这是一次极其危险的任务,教员贪图享乐不想以身涉险。
此时,慕昭这个“百发百中”的神枪手送上门,他故意只给慕昭一发子弹,就是想让慕昭一枪崩死那个杀手。
整个联盟国只有特行处有“先斩后奏”的特权,而他们院校师生暂时还不是特行处成员。
只要慕昭动手把人杀了,那慕昭也必死无疑!
到时候,他就可以把功劳揽到自己身上,而慕昭这个知道真相的麻烦也因杀人被处决,简直一石二鸟!

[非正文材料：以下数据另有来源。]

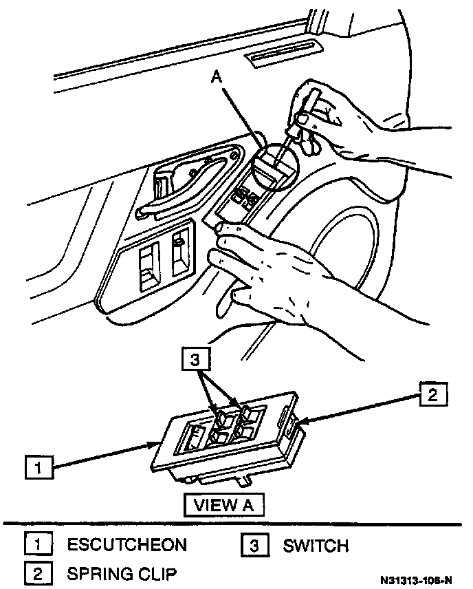 1. Door lock switch escutcheon (1), by disengaging spring clip (2) with a thin bladed screwdriver an( removing from trim panel.
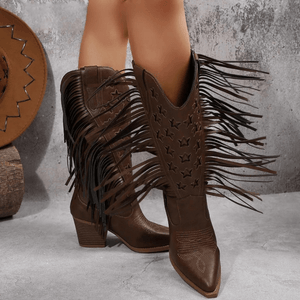 Väck din inre cowgirl till liv med dessa cowboyboots som inte kompromissar med vare sig stil eller komfort. Med vackra stjärnbroderier och långa fransar som följer varje steg, är det här skon för dig som vill sticka ut – från festival till vardag. Den höga klacken lyfter inte bara din hållning, utan hela din look.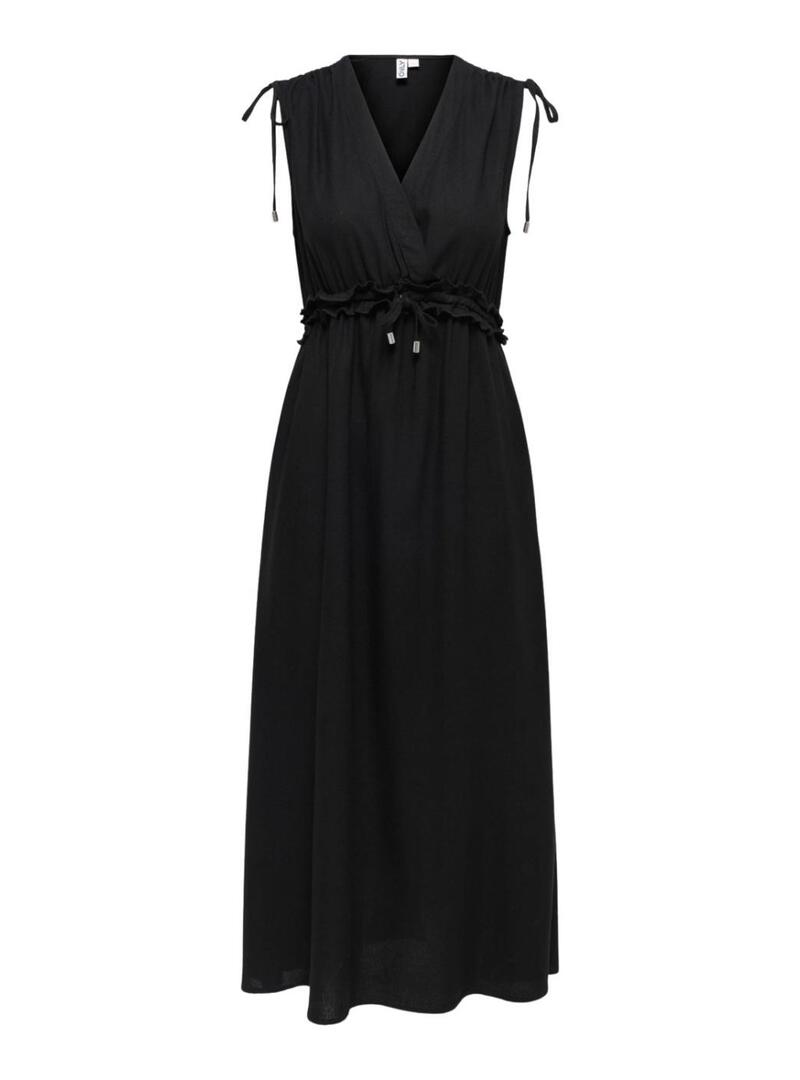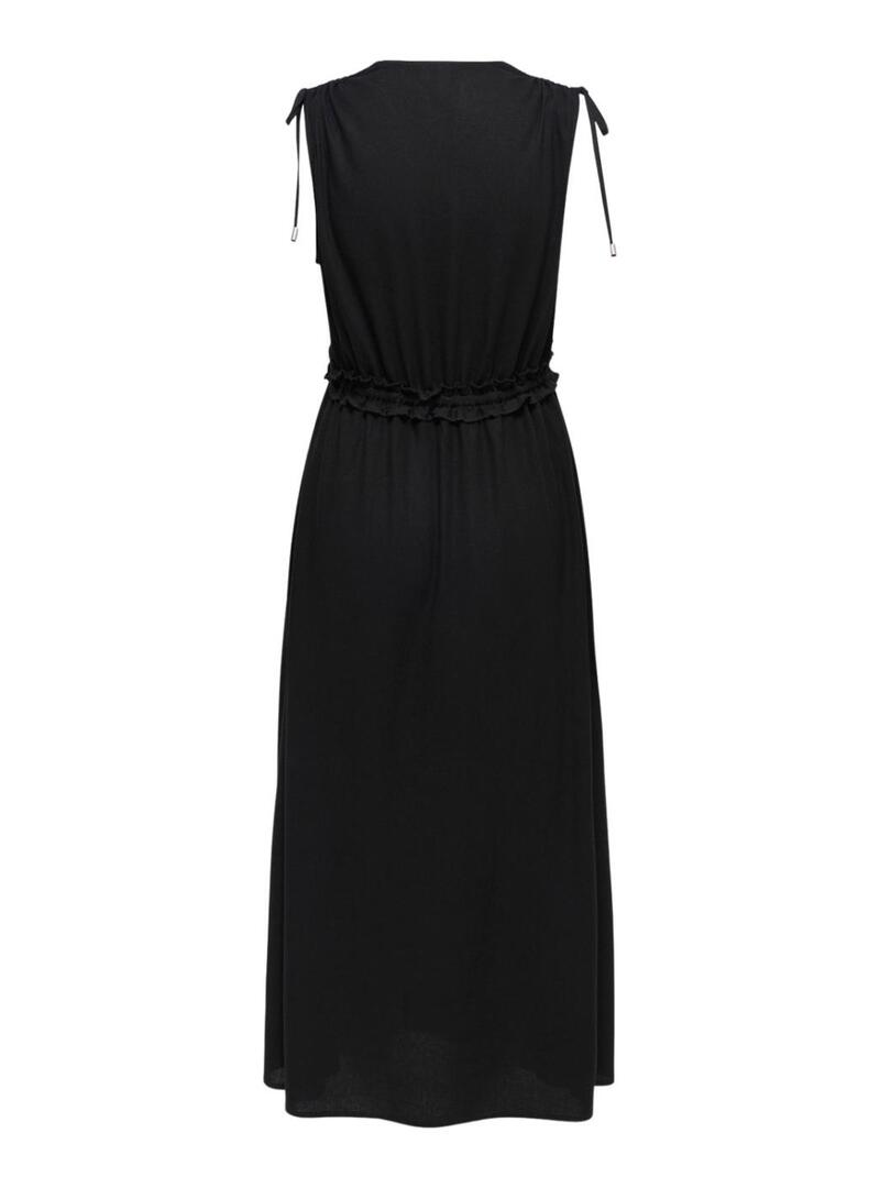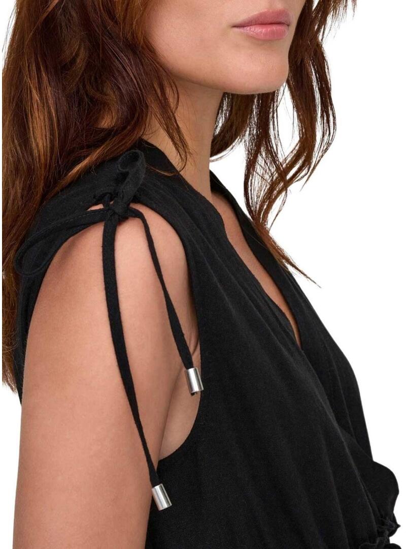 Vestido Only. Modelo Goa. Cor preta. Decote em V. Comprimento maxi. Sem mangas. Cintura ajustável com cordão. Ombros drapeados e ajustáveis com laço. Tecido fluido.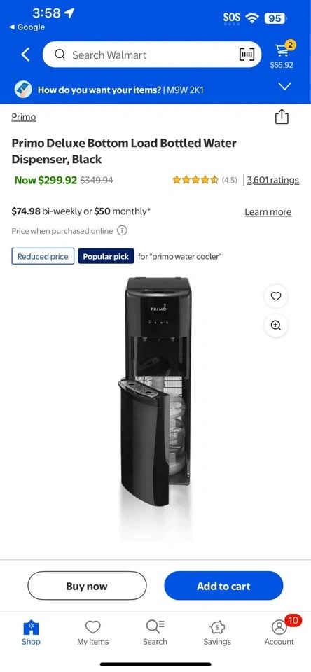 Primo Deluxe Bottom Load Bottled Water Dispenser, Black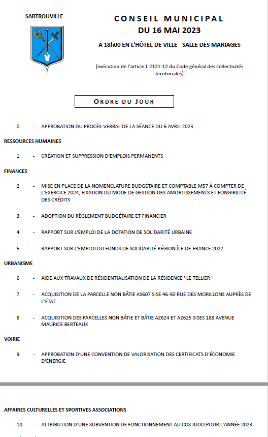 Ce conseil, qui se tiendra exceptionnellement un mardi traitera essentiellement d’une réorganisation des services, d’une réforme comptable, de l’acquisition de plusieurs parcelles de terrain (Morillons/Berteaux) et d’une subvention au COS Judo.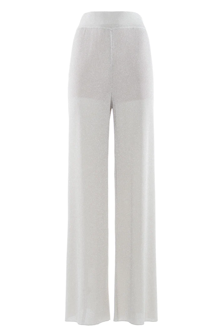 Pantalone in viscosa color platino, lavorazione in maglina lurex, linea a palazzo, texture fluida, elastico in vita.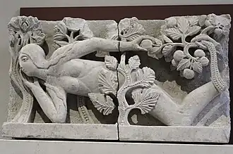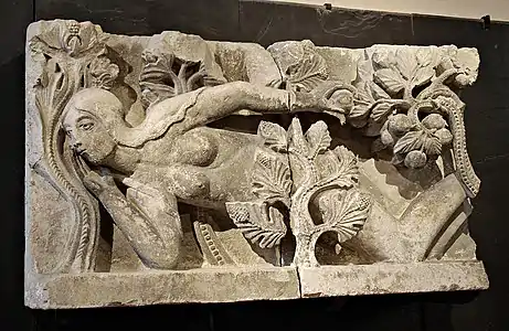 Le bas-relief, aujourd'hui incomplet, illustre une scène issue de la Genèse. Il représente Ève couchée, le corps ondulant dans une posture sensuelle, juste au moment qui précède la consommation du péché originel.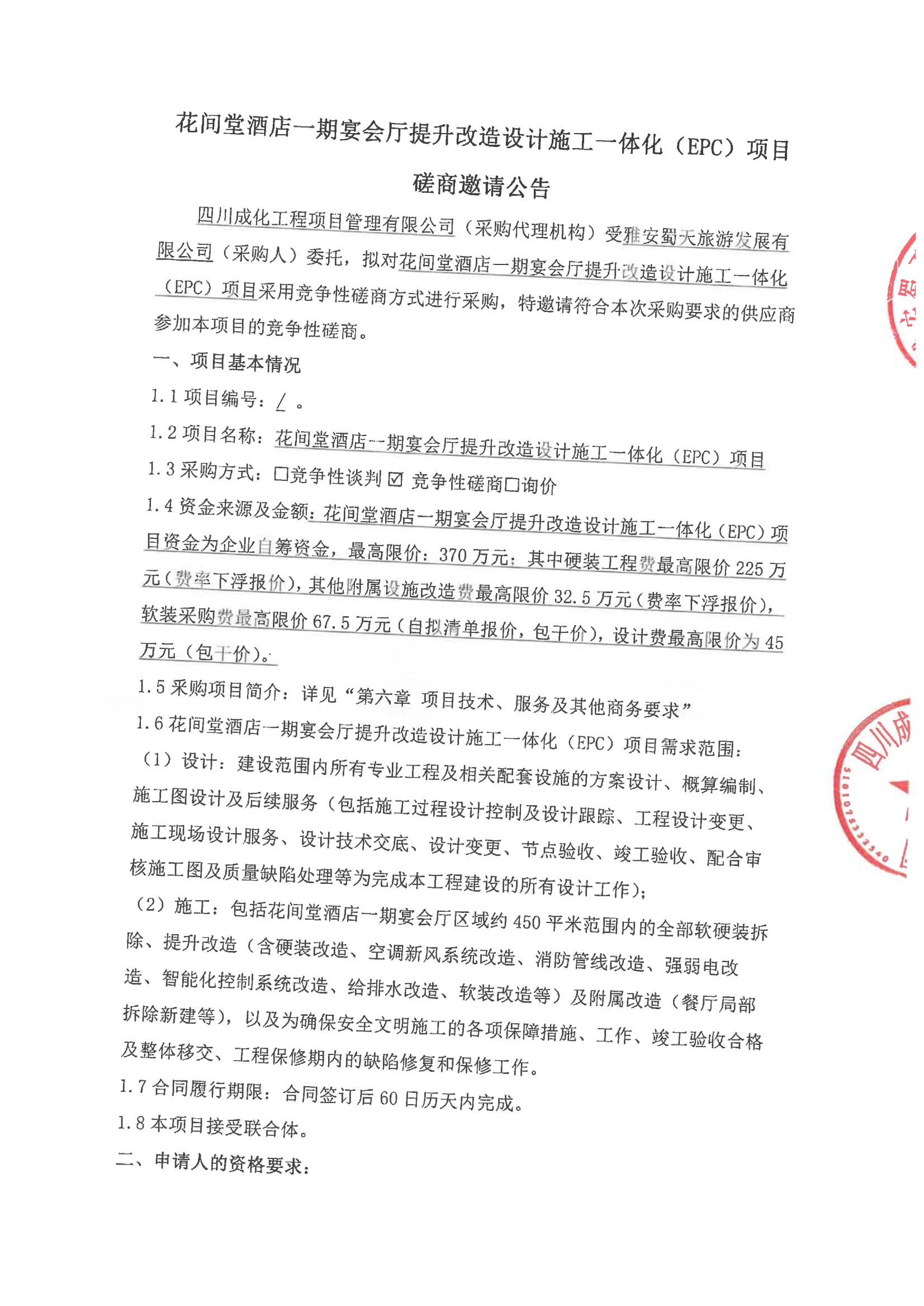 花間堂酒店一期宴會(huì)廳提升改造設(shè)計(jì)施工一體化(EPC)項(xiàng)目磋商邀請(qǐng)公告(1)

“卸磨杀驴”,为了当上教员,这出戏他演过很多遍,可这次,慕昭怎么不按他的剧本演呢?
慕昭将教员的表情变化看在眼里。
果然,某人的狐狸尾巴藏不住了。
幸好他留了个心眼:
“怎么?联盟国议会规定,杀谁、能不能杀,是要走流程的。教员让我杀他,是有半数及以上议员的盖章文件吗?”
教员左撇右撇,掩饰自己的慌乱。
他一屁股坐回椅子,假装淡定:“没有,呵,慕昭你做得很好。你第一次出任务,我怕你不懂规矩。”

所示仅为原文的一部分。